Lunedì, 8 Marzo 2021

La microflora intestinale influenza la perdita di peso: lo studio

Uno studio condotto dai ricercatori della Bloomberg School of Public Health della Johns Hopkins University di Baltimora dimostra che la microflora può giocare un ruolo chiave nelle diete. Scopriamo perché

Foto d'archivio

La flora intestinale o microbiota intestinale è composto da una serie di microrganismi (batteri, archaea, funghi) che vivono nel tratto digerente degli esseri viventi. Il metagenoma gastrointestinale è l'aggregato di tutti i genomi del microbiota intestinale.

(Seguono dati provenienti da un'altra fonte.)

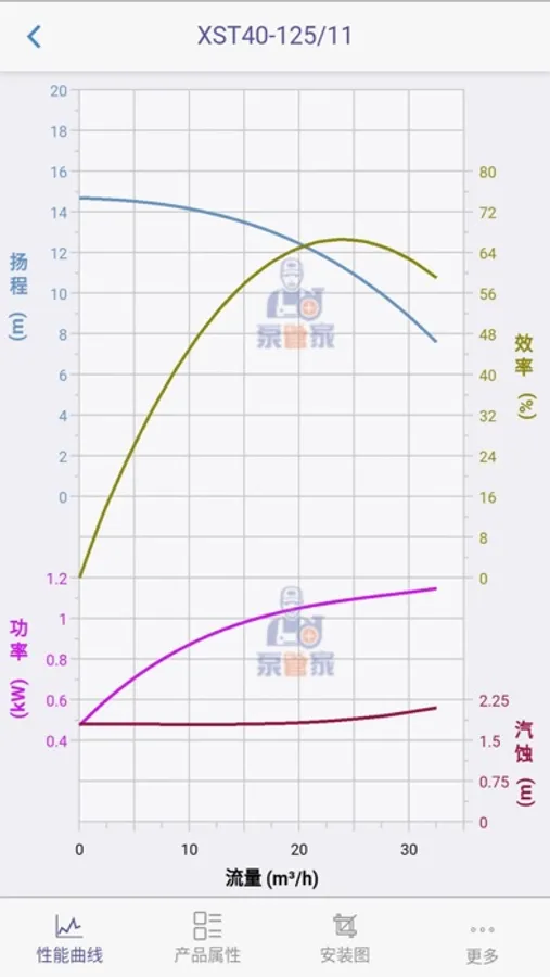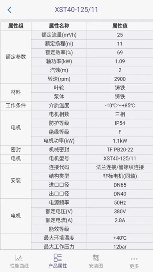 3.查看泵的性能曲线图,安装图,结构图,产品属性,三维模型等;

Il nostro apparato digerente, ed in modo particolare l'intestino, è colonizzato da questi microrganismi, ovvero la flora batterica. Sulle mucose intestinali sono presenti oltre 500 specie di batteri e quest'ultima, la flora batterica, vive in perfetta simbiosi con l'organismo ed è fondamentale per il nostro benessere. Ricordiamo, infatti, che per "simbiosi" (dal greco: vita insieme) si intende un particolare rapporto di convivenza fra due organismi, da cui entrambi traggono un proprio beneficio.

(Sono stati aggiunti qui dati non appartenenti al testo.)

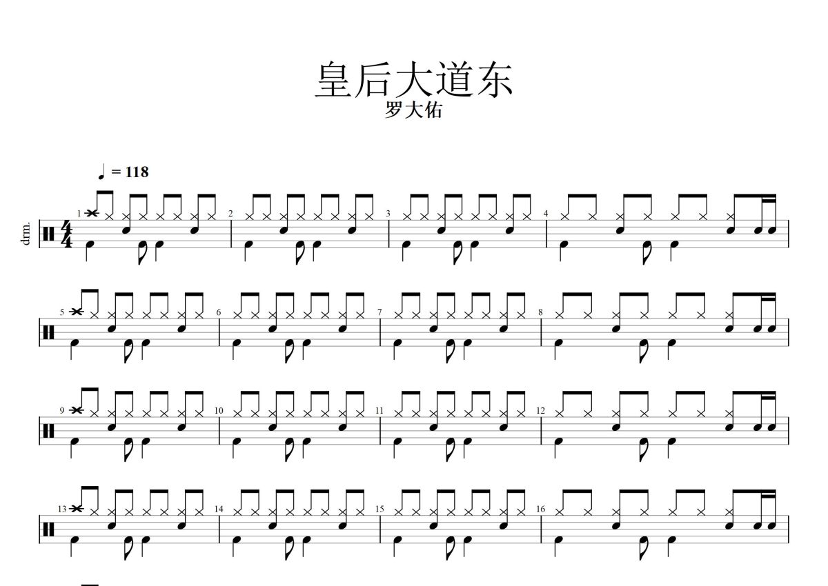 《皇后大道东》是罗大佑演唱的一首歌曲,这份鼓谱共有三张高清图谱,图谱由 @打鼓谱 编配上传,图谱使用五线谱编配,使用这份皇后大道东架子鼓谱,你将能够轻松地敲打出这首罗大佑的皇后大道东,快来尝试吧。《皇后大道东》是“音乐工厂”正式注册后制作的第一张专辑,由滚石国际音乐有限公司在1991年7月1日发行,这张专辑,集结了罗大佑、梅艳芳、黄沾等人演唱的歌曲。

Nel rapporto simbiotico fra l'organismo umano e la flora intestinale, l'uomo (ospite) fornisce materiale indigerito per il sostentamento dei batteri. In compenso, questi microrganismi (simbionti) svolgono varie funzioni utili all'uomo. Quando la flora batterica e l'organismo vivono in perfetta armonia, si parla di eubiosi.

I batteri del microbiota riescono ad autoprodurre il proprio nutrimento dalla fermentazione delle fibre introdotte tramite la dieta. I carboidrati ingeriti vengono convertiti nell’intestino ad acidi grassi a catena corta, denominati Scfa, che svolgono un’azione strutturale e nutritiva nel lume intestinale. L’acido propionico e l’acido butirrico sono esempi di Scfa che contribuiscono alla crescita e al mantenimento del microbiota e ne assicurano il funzionamento.

Il ruolo dei batteri nella perdita di peso

Quest'estate diversi esperti nel campo della scienza e dell'alimentazione si sono riuniti alla conferenza internazionale Nutrition 2020, svoltasi online per contrastare la diffusione del Covid-19, e hanno discusso delle principali novità riguardante il settore dell’alimentazione. Tra i vari argomenti si è anche parlato del ruolo svolto dai batteri della microflora intestinale nel tentativo di perdere peso.

Dell'importantissima funzione della microflora intestinale si è da sempre ampiamente discusso, ma per quanto riguarda questo particolare aspetto non si conosceva ancora molto sul tema.

Lo studio

Uno studio condotto dai ricercatori della Bloomberg School of Public Health della Johns Hopkins University di Baltimora dimostra che effettivamente la microflora può giocare un ruolo chiave nelle diete. Nello specifico, gli autori hanno osservato cosa è successo a 36 persone che avevano seguito una dieta per sei mesi e hanno visto come i 12 che avevano raggiunto l’obbiettivo prefissato, e cioè la perdita del 5% del peso, avevano una composizione del microbiota diversa da quella di chi non era riuscito a dimagrire.

In particolare, dei 30 ceppi analizzati, sono risultati essere più favorevoli alla perdita di peso dei batteri in particolare: l’Eubacterium coprostanoligenes, appartenente alla famiglia delle Eubacteriaceae (più è presente migliore è l’esito) e i batteri che aiutano a produrre acidi biliari secondari, acido butirrico e acido succinico. Possiamo dire il contrario, invece, per i batteri della famiglia delle Ruminococcacee, in questo caso, meno sono presenti e maggiore è la perdita di peso.